騎士たちの間でも可愛がってもらっている書記官の一人だ。
(どちらかといえば、こういう男は書記官ではなく、現場で活躍する魔法騎士団員として迎え入れたい人材なんだけどな)
ルシアンは壁にもたれ腕を組み、冷ややかにネイトを眺めた。
その彼がなぜここで取り調べを受けているのか。
事の始まりは、新米騎士三人の怠慢が公然と顕著になり、規律の乱れが目に見えて深刻化したことだった。
王城に出仕していても訓練をサボり、任務を果たさず、立場の弱い書記官や官僚を恐喝して仕事を押し付ける。
事情聴取の報告書のサインを見れば、怠けているのは明白なのだが、腹立たしいことに、それがまかり通ると思っているようだ。
だいたいああいう手合いは、義務を果たさず権利ばかり主張するから面倒なんだ。
それだけじゃない。
奴らは王都を偉そうに軍服で闊歩し、威張り散らして乱暴狼藉を働いている。
(しかも、それをグロウディーナ公爵に指摘されたのは本当に最悪だ)
ルシアンは内心で腸が煮えくり返りそうだった。
いくら昨晩の王城連続強姦魔事件を解決したことで、ローゼルとの関係が深まり、私生活は満たされていても、肝心な仕事がこれでは――。
一度こういう輩が出ると魔法騎士の評判は地に落ちる。
真面目に働いている騎士たちが割を食う。
「あ、コイツ」
トーマスは、ネイトが紙に書いた三人の騎士のうちの一人の名前を指で忌々しげに叩いた。
「昨夜も今朝も欠勤しやがったんだよねぇ」
「病欠か?」
ノーランが尋ねた。
「いや、無断欠勤。
猫の手も借りたいっていう状況なのに、くそっ」
「うちのところのこの二人も同じだ。
昨夜の巡回、雨が降って来たからと平然とサボりやがったんだ」
ノーランはカリカリと後頭部を掻いた。
二人ともかなり苛立っている。
「ルシアン様。
これで十二件ですよ、アイツらのサボり。
出仕したら絞めていいですよね」
目の下に隈を作っているトーマスが、ルシアンに訴えた。
トーマスは昨晩に王宮魔術師クロフォードから緊急呼び出しを受け、早朝からその捜査に引き続き対応していた。
それなのに、王城に戻れば問題の新米部下は無断欠席。
上官として、毅然とした対応を迫られていた。
ノーランも同様、グロウディーナ公爵から王都警備について苦言をもらったとなっては、黙っていられない。

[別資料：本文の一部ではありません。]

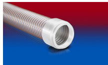
CONNECT 245 FOOD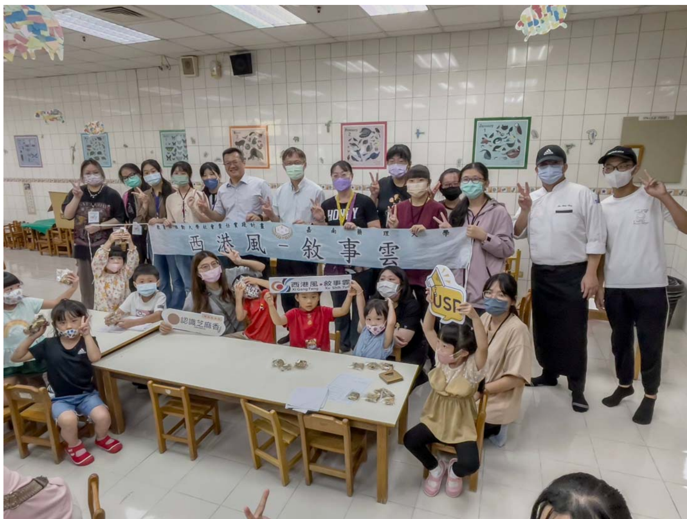
圖：嘉南藥理大學舉辦「食農教育體驗營」，透過遊戲教材及闖關遊戲，帶領小朋友認識芝麻產業。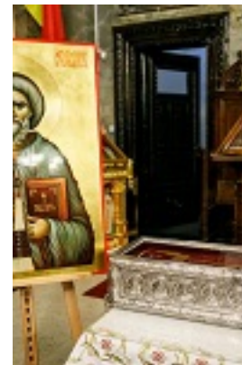
Άγιος Γεώργιος ο Προσκυνητής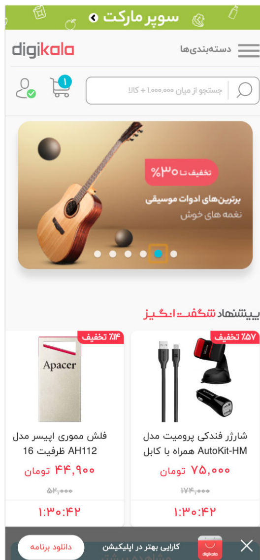
قالب سایت دیجی کالا برای موبایل

الان دیگه بیشتر مخاطبین سایت ها از طریق دستگاه تلفن همراه خود وارد سایت شما می شوند و این اهمیت باعث شد که گوگل از مسیر خزش خود را هم تغییر دهد و سایت هایی رو در اولویت قرار می دهد که نسخه موبایل خود را برای کاربرانشان آماده کرده اند.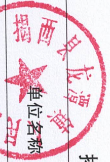
揭西县龙潭镇人民政府 2024 年度行政检查实施情况统计表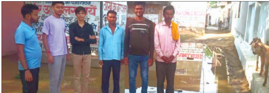
छिब्रामऊ, कन्नौज, समृद्धि न्यूज़।

नगर के मोहल्ला गणेश चौधरी स्थित शक्तिपीठ गमा देवी के सामने बरसाती पानी से सड़क पर जल जमाव हो गया जिससे यहाँ आने वाले बसें श्रद्धालुओं को परेशानी का सामना करना पड़ रहा है। सड़क से किसी प्रकार की जल निकासी व्यवस्था नहीं है। इस संबंध में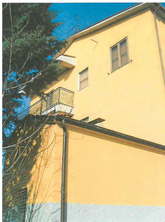
FOTO 28. Parte del fabbricato nella zonainferiore non conforme alla concessione edilizia rilasciata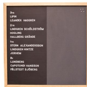
Woodline Light 2-fack. Inredd med gummipannå samt puretyg.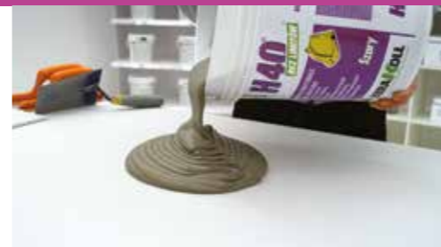
Mieszanka tiksotropowa i płynna

H40 ® Bez Limitów ® jest tiksotropowy w każdej warstwie, łatwy do nakładania i lekki. Także na ścianach pracujesz bez wysiłku i sptywania płytek.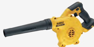
DCV 100 ** 25.8118.0100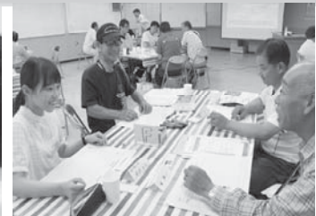
つながるまちカフェ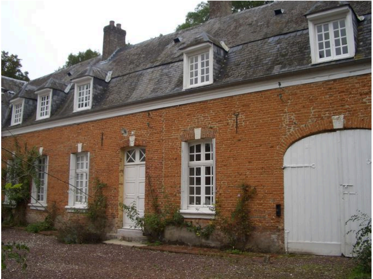
Vue latérale de ces dépendances.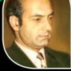
د. علي شريعتي

يمدحون زهد علي عليه السلام، ويأكلون علي مائدة معاوية.

しかも、その王都を荒らしている問題騎士が自分の部下だ。
二人が苛立つ気持ちも分からなくもない。
ルシアンは、はあ、とため息をつく。
「絞める前に始末書を作成させろ。もちろん監視付きで」
「んなもんより、絞めたから書かせた方が手っ取り早くないですか?
監視だって、奴らより爵位が格上で、役職も俺ら団長クラス、もしくは副団長班長レベルじゃないと無理っすよ。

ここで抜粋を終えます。